I first encountered Jim Elyea back around the year 2001 when I was looking for some esoteric information on an early Vox AC4 amplifier that I had acquired. I was working as the editor of The Guitar Magazine in London, England, and started inquiring in gear circles for someone who might know a little more about this seemingly odd transition-period version of the little student model amp. There I was, a guest in the land of Vox, and yet all roads seemed to lead back overseas and all the way to the west coast of the United States, where resided, I was informed, not only an amp collector on a massive scale, but the ultimate authority on all things vintage-Vox.
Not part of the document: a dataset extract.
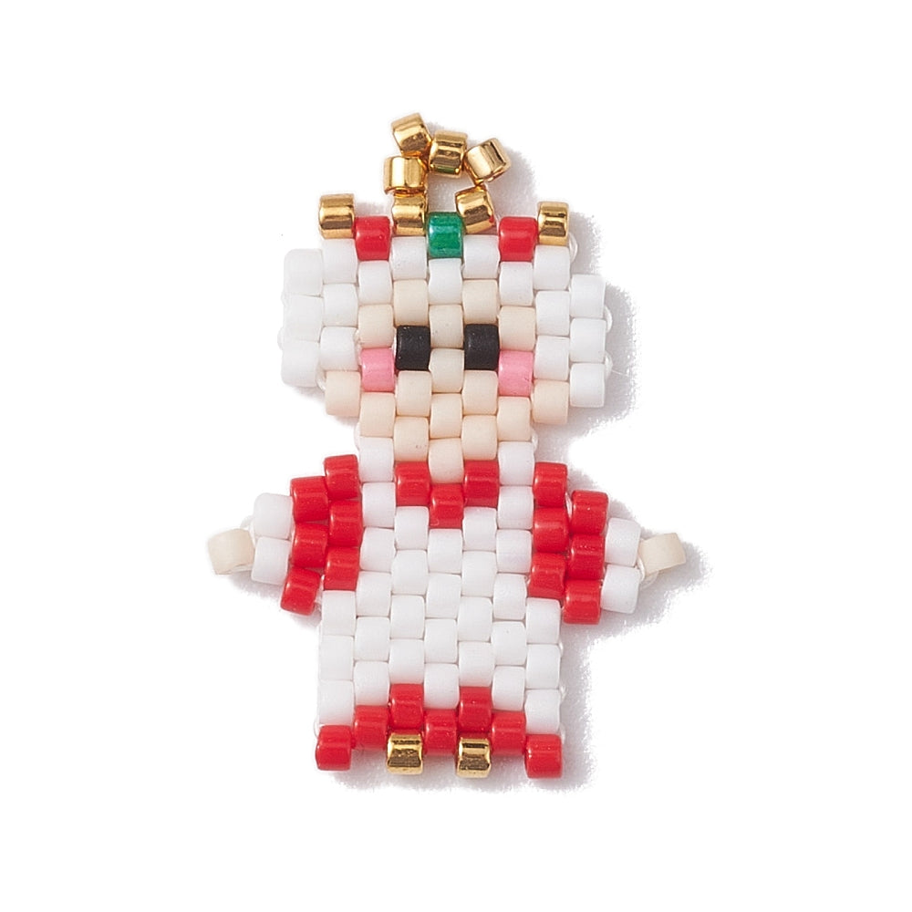 Add holiday cheer to your creations with our Mrs. Claus Pendant, a playful design made from colourful seed beads. Featuring bright red and white details with a golden crown-like accent, this handmade-style pendant captures the warmth and joy of the season. Perfect for necklaces or statement earrings, it’s a delightful piece that pairs beautifully with Santa or other Christmas designs.

These roads steered me right, and I have turned to Elyea time and again when I’ve been stuck for the final word on a Vox-related question for a book or magazine piece.

During our very first contact, Elyea mentioned that he was writing a book on Vox amps, and that he’d appreciate the passing along of any details, serial numbers and other info gleaned from unusual examples that I might encounter. “A Vox book, eh?” I thought. “It’s been done … but why not.” We would correspond every few months, Elyea would mention that he was still working on the book, and I would go away wondering when, or if, it would ever see the light of day.
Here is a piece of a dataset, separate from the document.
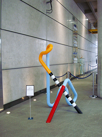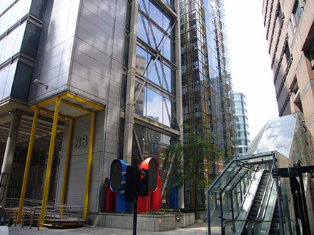 88 Wood Street is a commercial skyscraper in London, located on Wood Street in the City of London. The architect was the Richard Rogers Partnership (RRP), now known as Rogers Stirk Harbour + Partners. The building was constructed between 1993 and 2001. The 18-storey structure has an office space of 33,000 m2 In 1990, following a limited design competition, RRP was commissioned by Daiwa Europe Properties to design their new London headquarters on a site at the corner of Wood Street and London Wall. The twin economic recessions that hit Europe and the Far East, however, obliged Daiwa to rethink its strategy and the prestigious headquarters project was abandoned. The site stood vacant for three years, after which a new brief was given to RRP to design a speculative, high-quality, commercially lettable building, larger and more economical than its predecessor. The site lies at the heart of the City of London, between St Paul's Cathedral and Moorgate. It previously housed two telephone exchange buildings, one of which had been spot-listed prior to the commencement of the works. The building was subsequently de-listed and demolished along with a 1960s office building. Within the existing basement, however, was a fully functioning British Telecom exchange chamber, which was required to remain in operation during demolition, construction and occupation of the new building. Eighty-eight Wood Street is adjacent to the tower of the Grade I listed St Alban's Church, designed by Sir Christopher Wren (the remainder of the church was destroyed during World War II). In addition, the site is bounded by two historic churchyards; St Mary's to the south and St Olaves to the west (the latter destroyed in the Great Fire of London) . Surrounding the site are various contemporary buildings ranging in height from four to 23 storeys. Planning permission was granted for the initial headquarters scheme in 1992. The development was the subject of protracted and complex planning negotiations with the Corporation of London planning department especially in relation to viewing corridors from the South Bank, St Paul's Cathedral and the Barbican terrace. In order to avoid resubmitting a new application, the development envelope established by the initial application was adhered to for the second design, despite the requirement for more floor space. The 33,000 square meter building is arranged as three linked blocks of office accommodation that step up from eight storeys on Wood Street, where the context includes two listed buildings, to fourteen and finally eighteen storeys to the west, responding to the taller built topography towards London Wall. By using the extensive basement of the demolished telephone exchange for plant, roof levels were kept largely free. The office wings are constructed of in situ concrete which contrasts with the lightweight, steel-framed service towers containing toilets, lifts and dramatic, fully glazed stairs. The use of brilliant colour enhances their impact - air intakes and extracts at street level are also brightly coloured, contrasting with the neutrality of the occupied floors. The generosity of the scheme is reflected in the spacious, 8 metre-high entrance lobby, floored in granite as an extension of the external landscaping. This reception area features a 54 metre-long wall running the length of the building. The facades of the main office floors are glazed from floor to ceiling to maximise daylight and views - in addition, levels 8, 12 and 16 lead directly onto roof terraces with spectacular views over the city skyline. Hay Hill Gallery is collaborating with ARTful Ltd, exhibiting contemporary sculpture at the entrance hall of 88 Wood Street business centre. Featured Artist: Sam Shendi’s works references the work of “minimalism”, the style of paring-down design elements and focusing on the medium of steel, aluminum and paint. Some of his works are deceptively simple in form but include the qualities of metaphorical associations, symbolism and suggestions of spiritual transcendence.

It’s eight years later, and Elyea’s Vox Amplifiers: The JMI Years (History For Hire Press, $85; has landed like a cinderblock on our doorsteps. Indeed, “the Vox book” had been done before — and done admirably, in the form of The Vox Story by David Petersen & Dick Denney — but it has never been done like this. Elyea’s 682-page tome is the Vox book to end all Vox books. Much, much more than a fun reference born out of a labor of love, it’s an exhaustive compendium of all things JMI-Vox-related, including a wealth of back story — and “side story,” if you will — to give full context to Vox in its heyday, including the stories of the prominent bands who used the gear, Vox’s rival manufacturers, those that influenced it, and so forth.
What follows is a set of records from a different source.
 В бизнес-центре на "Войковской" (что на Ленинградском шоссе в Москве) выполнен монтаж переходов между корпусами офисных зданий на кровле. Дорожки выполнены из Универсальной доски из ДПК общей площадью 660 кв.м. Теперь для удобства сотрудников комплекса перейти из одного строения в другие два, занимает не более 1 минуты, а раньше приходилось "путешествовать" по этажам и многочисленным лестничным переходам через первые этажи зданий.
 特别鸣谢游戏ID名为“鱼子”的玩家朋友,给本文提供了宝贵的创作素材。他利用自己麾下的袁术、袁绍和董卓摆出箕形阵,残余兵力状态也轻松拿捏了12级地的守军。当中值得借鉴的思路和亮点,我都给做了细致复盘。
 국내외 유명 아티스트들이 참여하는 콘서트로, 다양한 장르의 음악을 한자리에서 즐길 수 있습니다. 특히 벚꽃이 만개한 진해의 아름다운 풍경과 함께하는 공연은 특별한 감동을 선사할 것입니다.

The hardbound book is beautifully laid out and neatly typeset — given the kind of editorial respect that amp books were rarely afforded before the new millennium — with newly shot, high-resolution photos of over 100 vintage Vox amplifiers, alongside numerous archive photos of the factories, personnel, artists and advertising images relevant to the tale. Elyea’s rendering of the Vox story unfolds across seven sections;

  • Section 1: The History of JMI and Vox
  • Section 2: Component Parts
  • Section 3: From Concept to Consumer
  • Section 4: The Amplifiers
  • Section 5: Dating Your Amplifier
  • Section 6: The Groups
  • Section 7: Additional Materials

Each comprises virtually a book’s worth of information in itself, and packs unexpected tidbits to delight not only the Vox aficionado, but any guitar or gear fan. Section 2’s exhaustive look at the minutia of Vox cabinets, coverings, grille cloth, tubes and speakers, for example, and Section 4’s comprehensive rundown of every relevant model are the stuff a collector’s dreams are made of. Meanwhile, Section 6’s detailed examination of the relationship between bands such as the Beatles, the Shadows, the Rolling Stones and others and their Vox amps is trenchant enough to appeal to even the non-guitar-playing music fan.

As an amp nut myself, I was drawn first to the internal photos and detail shots of vintage Vox models, and the thorough explanations of circuit and model evolution that accompany them. Anywhere I let the pages fall, though, I discover a captivating story from within this compelling slice of rock and roll history. Sure, there’s bound to be something missing from this book. No publication is perfect, right? But if any jot, tittle or iota relevant to Vox’s JMI years is missing from this book, I certainly haven’t found it.